Task:
Once you find the line with "MATERIALE: oro giallo, perle" in the listing below, set down exactly every line from it through the line with "秋冬明线拼接设计垂感裤 高腰牛仔裤 子女J 港风阔腿时尚 班尼路经典", but no pictures.

The data:
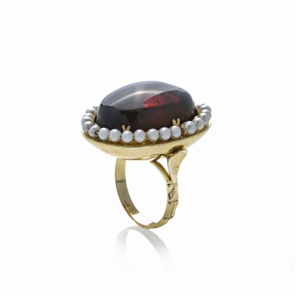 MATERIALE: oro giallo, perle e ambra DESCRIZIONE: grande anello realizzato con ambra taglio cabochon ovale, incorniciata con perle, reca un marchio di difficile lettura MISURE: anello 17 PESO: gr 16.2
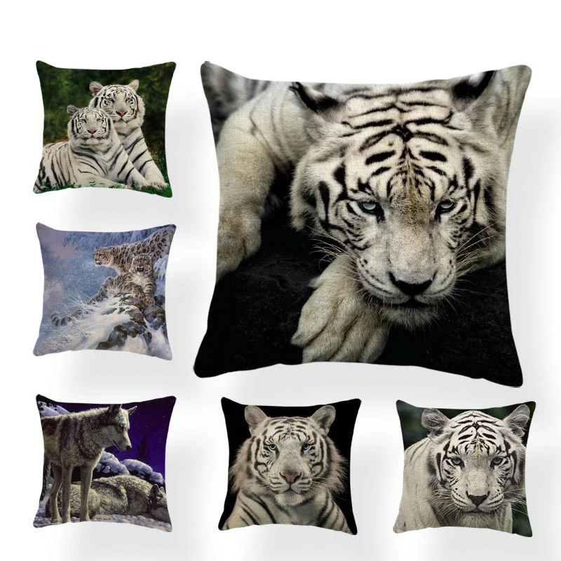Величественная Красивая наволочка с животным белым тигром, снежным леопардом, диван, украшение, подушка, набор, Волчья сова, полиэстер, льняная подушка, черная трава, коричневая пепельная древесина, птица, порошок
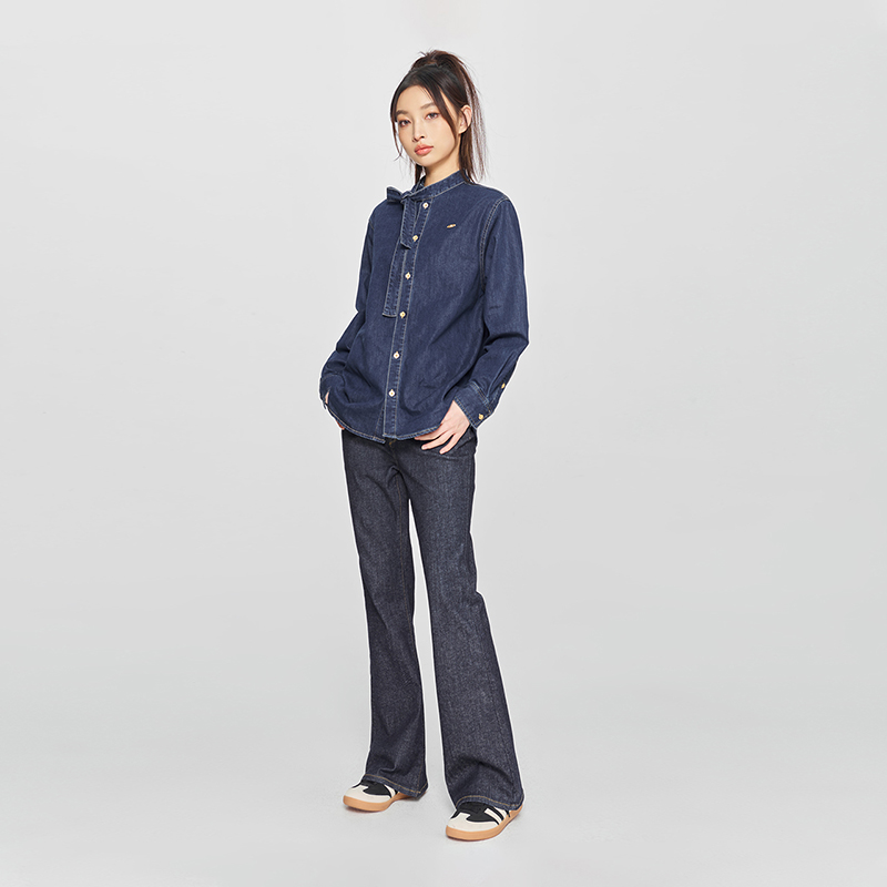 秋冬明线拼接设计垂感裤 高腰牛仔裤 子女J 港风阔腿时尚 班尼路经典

...

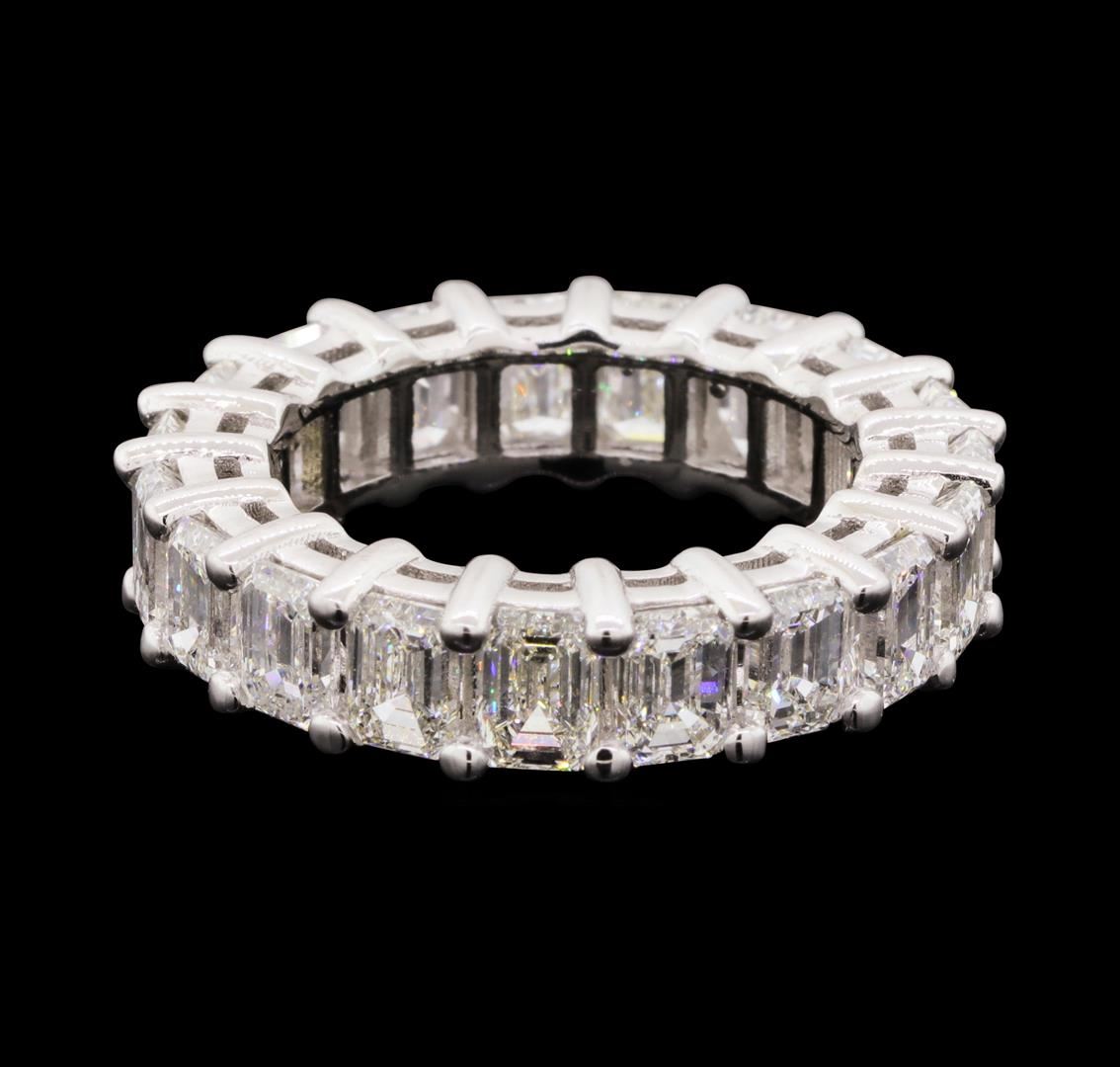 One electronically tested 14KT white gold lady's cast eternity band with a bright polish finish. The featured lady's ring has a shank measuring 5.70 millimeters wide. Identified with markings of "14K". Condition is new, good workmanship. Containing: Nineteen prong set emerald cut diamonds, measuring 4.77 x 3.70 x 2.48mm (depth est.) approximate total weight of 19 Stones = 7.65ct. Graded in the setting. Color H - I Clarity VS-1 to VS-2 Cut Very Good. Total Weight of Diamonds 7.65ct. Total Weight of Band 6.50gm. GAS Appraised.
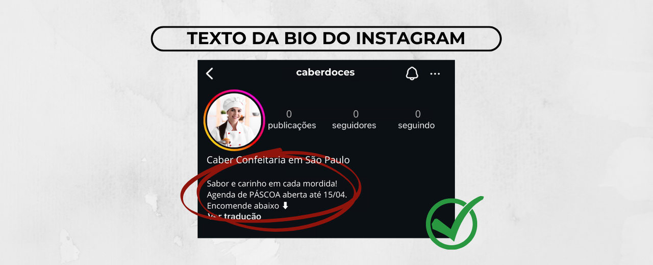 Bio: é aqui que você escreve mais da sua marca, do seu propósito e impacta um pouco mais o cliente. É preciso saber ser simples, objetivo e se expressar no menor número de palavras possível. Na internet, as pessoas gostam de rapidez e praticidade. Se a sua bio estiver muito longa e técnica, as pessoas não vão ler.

Answer to the problem:
 MATERIALE: oro giallo, perle e ambra DESCRIZIONE: grande anello realizzato con ambra taglio cabochon ovale, incorniciata con perle, reca un marchio di difficile lettura MISURE: anello 17 PESO: gr 16.2
Величественная Красивая наволочка с животным белым тигром, снежным леопардом, диван, украшение, подушка, набор, Волчья сова, полиэстер, льняная подушка, черная трава, коричневая пепельная древесина, птица, порошок
 秋冬明线拼接设计垂感裤 高腰牛仔裤 子女J 港风阔腿时尚 班尼路经典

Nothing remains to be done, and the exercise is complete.